Deuxième chambre civile, 12 novembre 2020 — 18-24.508
Textes visés
- Articles L. 241-13 et D. 241-7, I, 3e, du code de la sécurité sociale, le premier dans sa rédaction antérieure à la loi n°2010-1594 du 20 décembre 2010 et le second dans sa rédaction issue du décret n° 2007-1380 du 24 septembre 2007, applicables à la date d'exigibilité des cotisations litigieuses.

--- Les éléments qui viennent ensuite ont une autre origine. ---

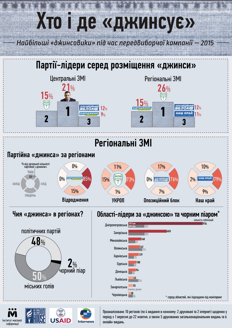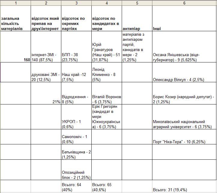 Следует отметить, что в Николаеве больше всего «джинсуют» в интернет-изданиях (87,5%), печатные же газеты в большинстве своем выпускают пиар-материалы кандидатов и партий, маркируя их в соответствии с законом пометками «политическая реклама» или «политическая агитация». Только 20 статей в газетах Николаева не были надлежаще промаркированы, а потому были зафиксированы как «джинса». В интернет-изданиях Николаева не было зафиксировано ни одного материала с пометкой «политическая реклама».
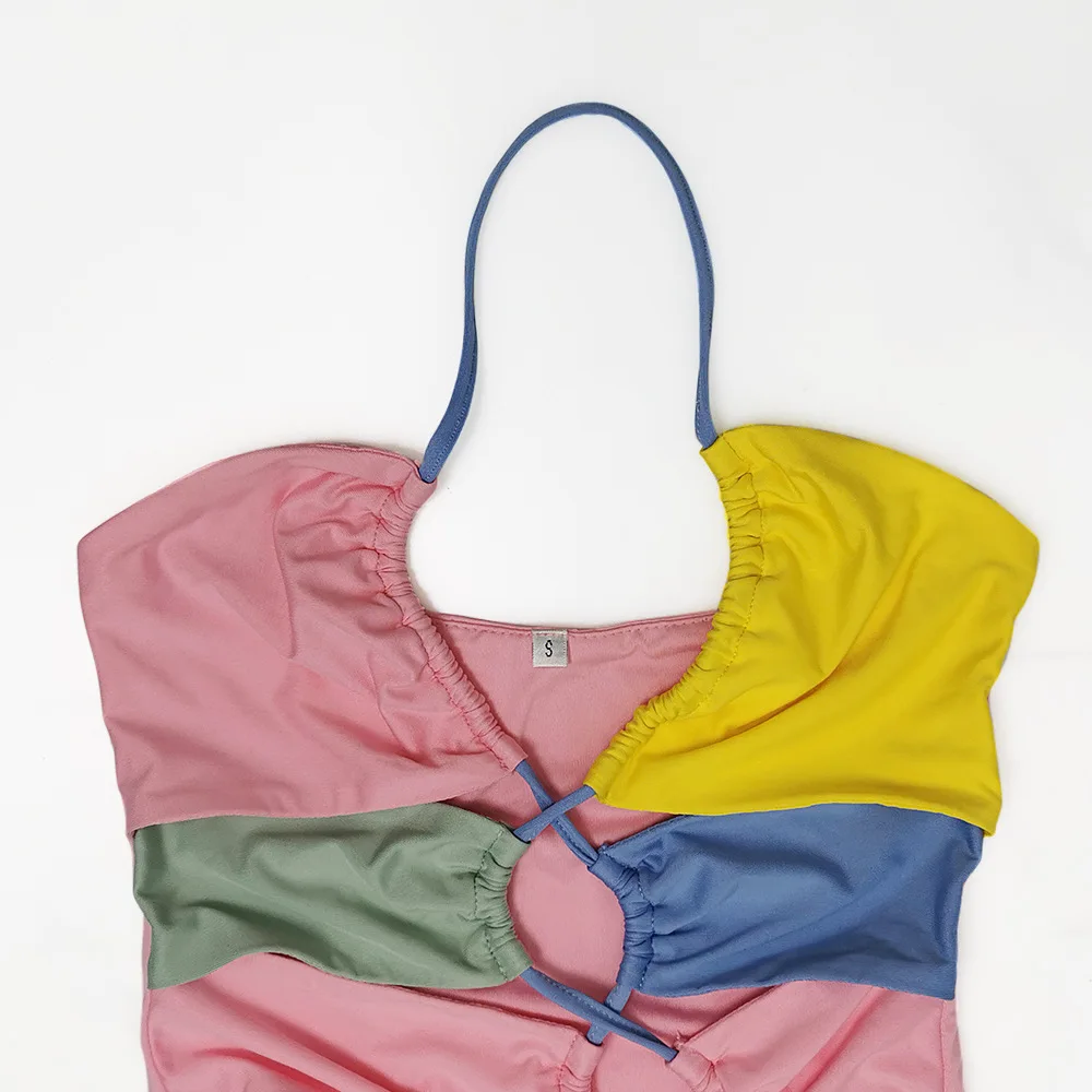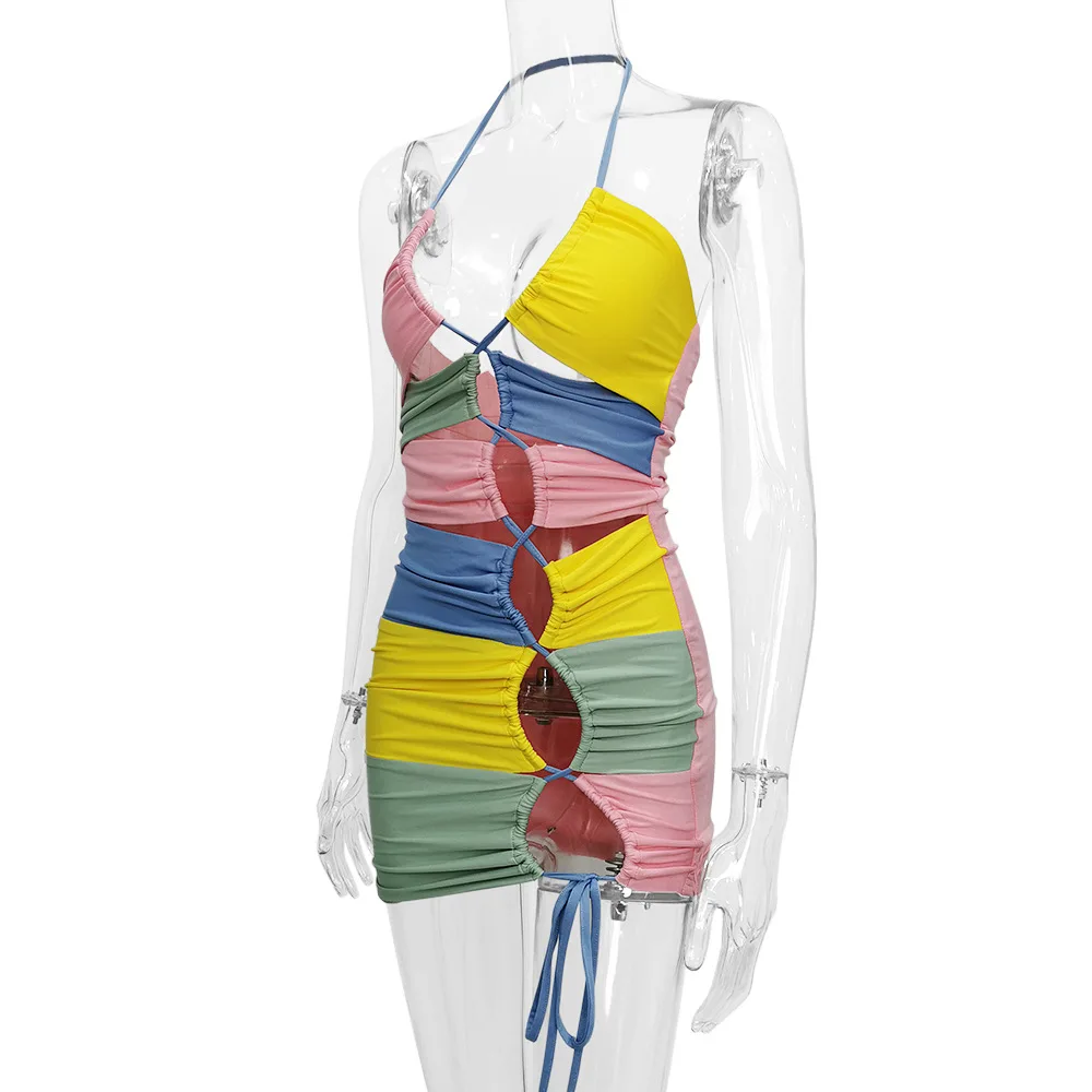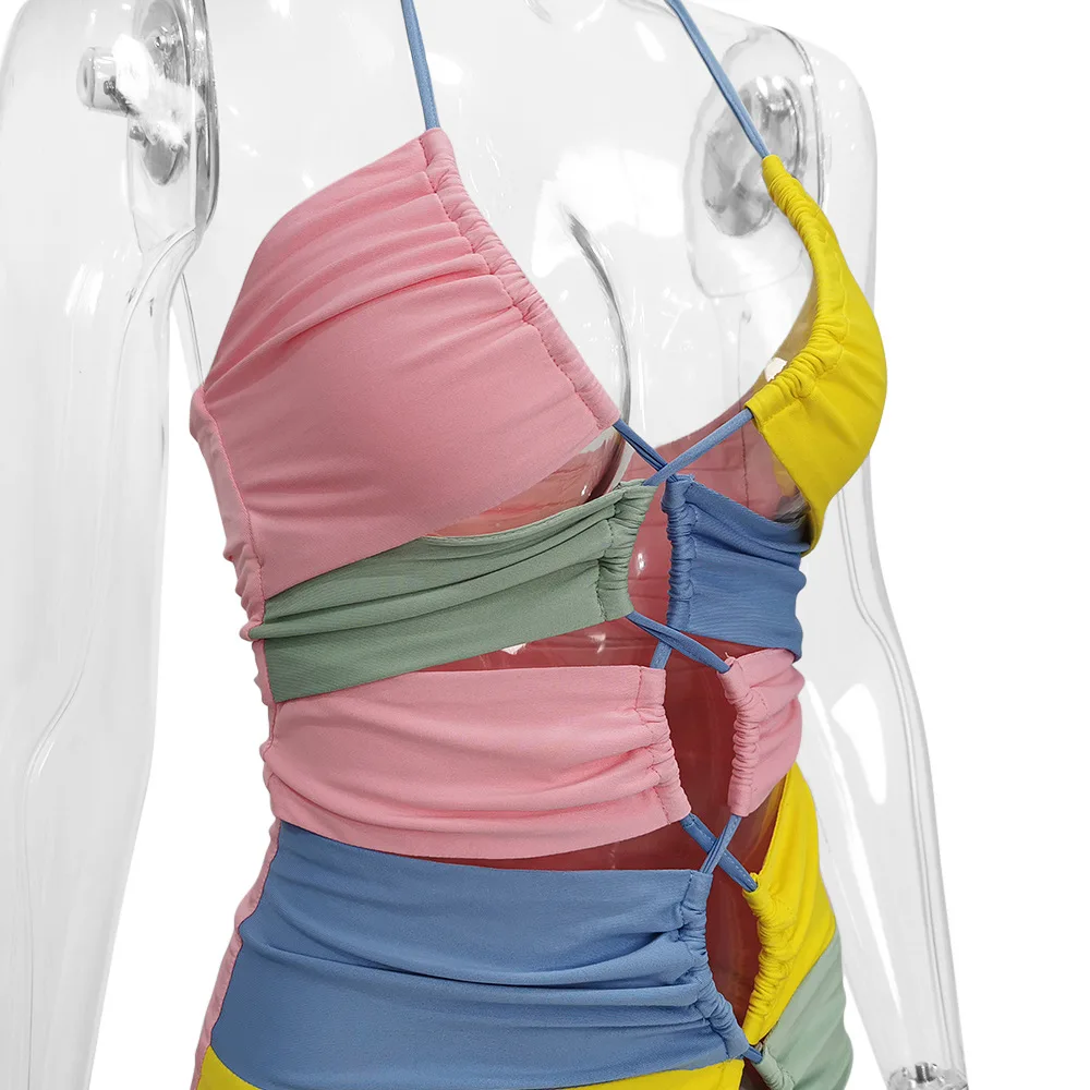 Karlofea Двухслойное лоскутное трикотажное облегающее мини-платье ж...

- Articles L. 242-1 du code de la sécurité sociale et 80 duodecies du code général des impôts, dans leur rédaction applicable à la date d'exigibilité des cotisations litigieuses.
Texte intégral
CIV. 2
CM
COUR DE CASSATION ______________________
Audience publique du 12 novembre 2020
Cassation partielle
M. PIREYRE, président
Arrêt n° 1205 F-D
Pourvoi n° M 18-24.508
R É P U B L I Q U E F R A N Ç A I S E
_________________________
AU NOM DU PEUPLE FRANÇAIS _________________________
ARRÊT DE LA COUR DE CASSATION, DEUXIÈME CHAMBRE CIVILE, DU 12 NOVEMBRE 2020
L'union de recouvrement des cotisations de sécurité sociale et d'allocations familiales Alsace, dont le siège est [...] , a formé le pourvoi n° M 18-24.508 contre l'arrêt rendu le 13 septembre 2018 par la cour d'appel de Colmar (chambre sociale, section SB), dans le litige l'opposant à la société Arvato service France, société par actions simplifiée, dont le siège est [...] , venant aux droits de [...] , défenderesse à la cassation.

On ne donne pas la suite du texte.